ESPE Abstracts

Background: In adrenal gland 3β-HSD₂ catalyses the conversion of Δ⁵ to Δ⁴ steroids (i.e., pregnenolone to progesterone,17 α-hydroxypregnenolone to 17-OHP and DHEA to androstenedione). Defect in this enzyme can affect glucocorticoid, mineralocorticoids and sex steroid synthesis but the clinical and biochemical profile can be very complicating and confusing due to conversion of intermediate steroids to more active steroids by 3β-HSD ₁in peripheral tissues. Children typically present with ambigious genitilia. Boys (46xy) tend to have sever hypospadias and small phallus with variable degree of salt loss. Girls (xx) can present ranging from mild clitoromegaly to completely normal female genitilia. Mild variety can present with premature adrenarche, hirsutism. In our case series we will present genetically confirmed (HSD3β₂) mutations with very variable and confusing presentations with multiple deaths in families due to late diagnosis.
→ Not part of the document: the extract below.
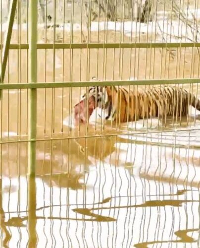 Сообщается, что коз, баранов, птиц, наоми и тигров переводят в безопасное место. На кадрах видно, что животные не могут находиться в своих клетках из-за высокого уровня воды. Руководство ожидает, что ближе к ночи ситуация ухудшиться и воды станет еще больше.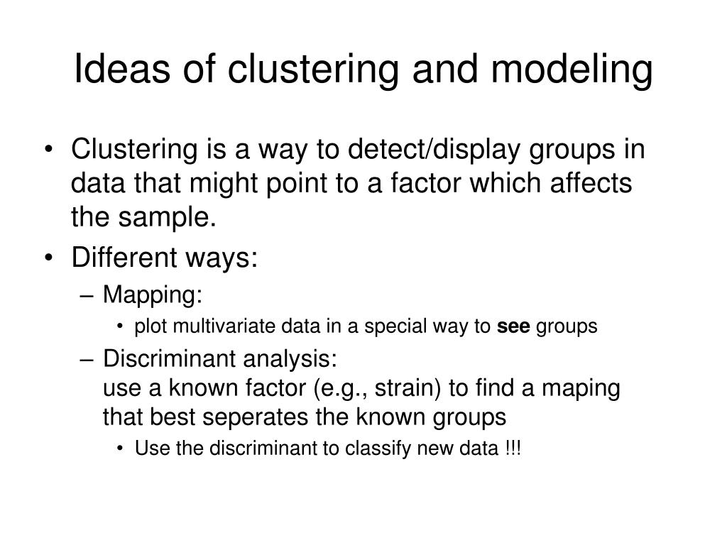 Ideas of clustering and modeling • Clustering is a way to detect/display groups in data that might point to a factor which affects the sample. • Different ways: • Mapping: • plot multivariate data in a special way to see groups • Discriminant analysis:use a known factor (e.g., strain) to find a maping that best seperates the known groups • Use the discriminant to classify new data !!!

Case Summaries: We identified 6 patients (4 male) from 3 families of CAH due to 3βHSD₂deficiency variant of c.818_819del p.(Lys273Argfs*7) born to consanguineous parents with history of sibling death in 2 families. Family 1 had 5 sibling death (2 female and 3 male) and family 2 had 1 sibling death (male). All presented within neonatal life (7 – 45 day of life) with failure to thrive and vomiting. Female patients were having normal genitalia at presentation, while 3/4 male presented with mild genital ambiguity (under-virilization) and 1/4 with normal male genitalia. Initial workup of all revealed significant hyponatremia, hyperkalemia and raised renin. 17-OH progesterone was initially raised in 5 cases. DHEASO4 (normal) and cortisol (low) was done only in 2 cases due to non-affordability. After initial stabilization with hydration and stress dose of hydrocortisone, all were started on maintenance dose of hydrocortisone (15mg/m²/day) and fludrocortisone (0.1 mg daily) along with sick day education.

Conclusion: CAH patients due to 3βHSD₂deficiency can present with normal male or female genitalia. We need to have a strong suspicion of it in region where there is increase consanguinity and no screening tests, to avoid preventable deaths due to this variant.